In a speech made in June during a fund raiser, mega-billionaire Warren Buffett pointed out that his tax rate was 17.7 percent of his income while those who work for him were taxed up to 32.9 percent. In the 1950s, the federal income from company taxes made up 33 percent of the total pie. Today, in at least one of the first three years of Dubya’s presidency, 82 of America’s richest companies paid no tax at all. Not one cent.

Trickle-down economics is a myth. In America, we are all salmon swimming up a stream for long enough to pass along a few dreams to our children and die of exhaustion.

3. The continued conspicuous consumption by the noble class (i.e. Marie Antoinette), despite the financial burden of the populace.

In 1985, there were just 13 U.S. billionaires — just a little more than a homeless child could count on his fingers. Today, there are more than a thousand. The wealth of all those individuals who make more than a million a year totals $30 trillion.

We’ve all heard a story of excess, and if you haven’t, let me tell you a few. NPR did a report on the Algonquin Hotel in New York City. A recent addition to the menu is their “Martini on the Rock.” For a mere $10,000, you’ll receive a drink with a diamond sparkling on the bottom. Perhaps afterward, you’ll write a check using a Mont Blanc pen — a high-end writing instrument that can cost $700,000. Then you can relax at a space hotel, far from the filthy lower class of Earth.

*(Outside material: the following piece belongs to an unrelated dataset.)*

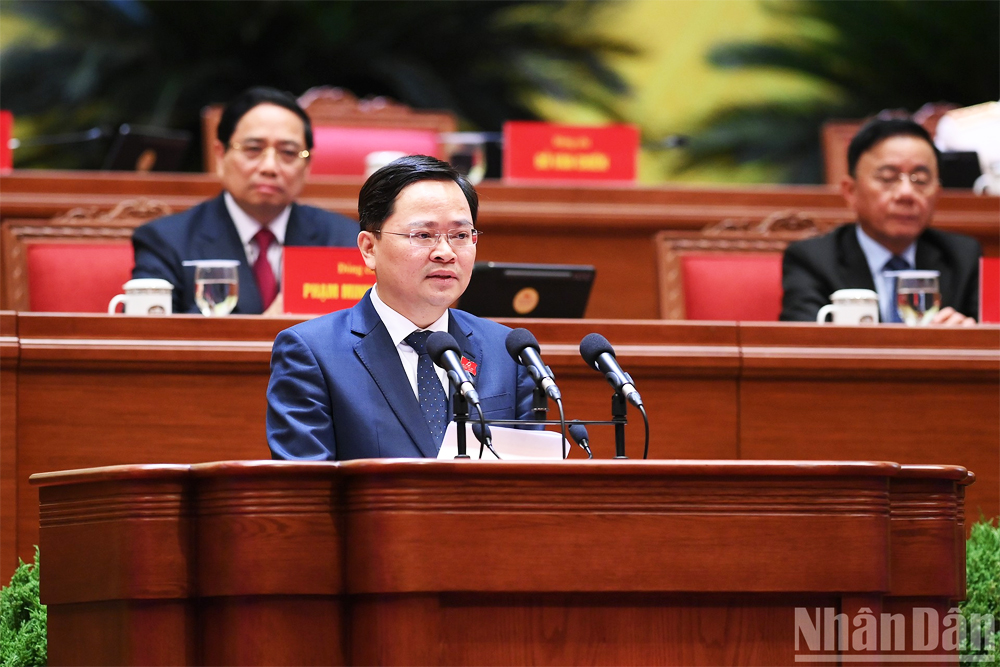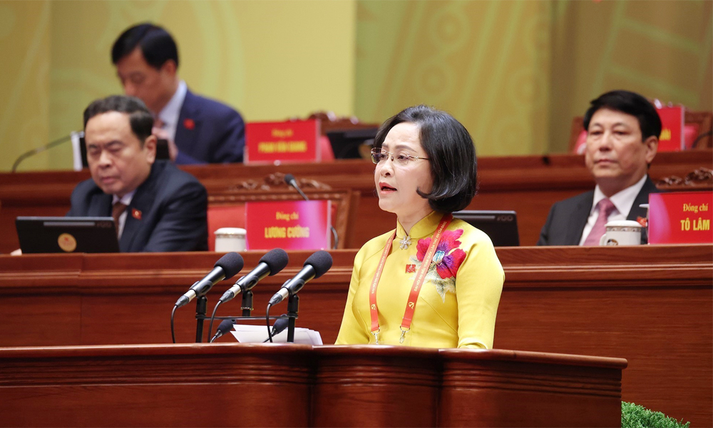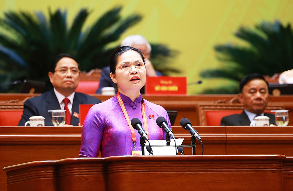Đồng chí Hà Thị Nga, Ủy viên Trung ương Đảng, Phó Bí thư Thường trực Đảng ủy Mặt trận Tổ quốc, các đoàn thể Trung ương, Phó Chủ tịch, Tổng Thư ký Ủy ban Trung ương Mặt trận Tổ quốc Việt Nam, tham luận về vấn đề "Phát huy sức mạnh đoàn kết toàn dân tộc - nền tảng, động lực quan trọng thực hiện thắng lợi các mục tiêu phát triển đất nước trong kỷ nguyên mới". |

Another NPR report will tell you about Robert Bigelow, a hotel tycoon who has spent $500 million on developing inflatable hotels in space for the ultra rich to vacation — seems fitting for them to literally float around with their heads above the clouds.

Of course, it isn’t the same. Is it? There is no need for a revolution or an uprising. We are not the vassals and serfs of 1789. We are moralists and sissies. The difference between American capitalism and French feudalism is that any of us can rise above drinking the trickling drops of the rich and become one of them. The streets are paved in gold.

So shut up, finish your degree, start paying off your debts and get ready to swim. The stream can’t be that long.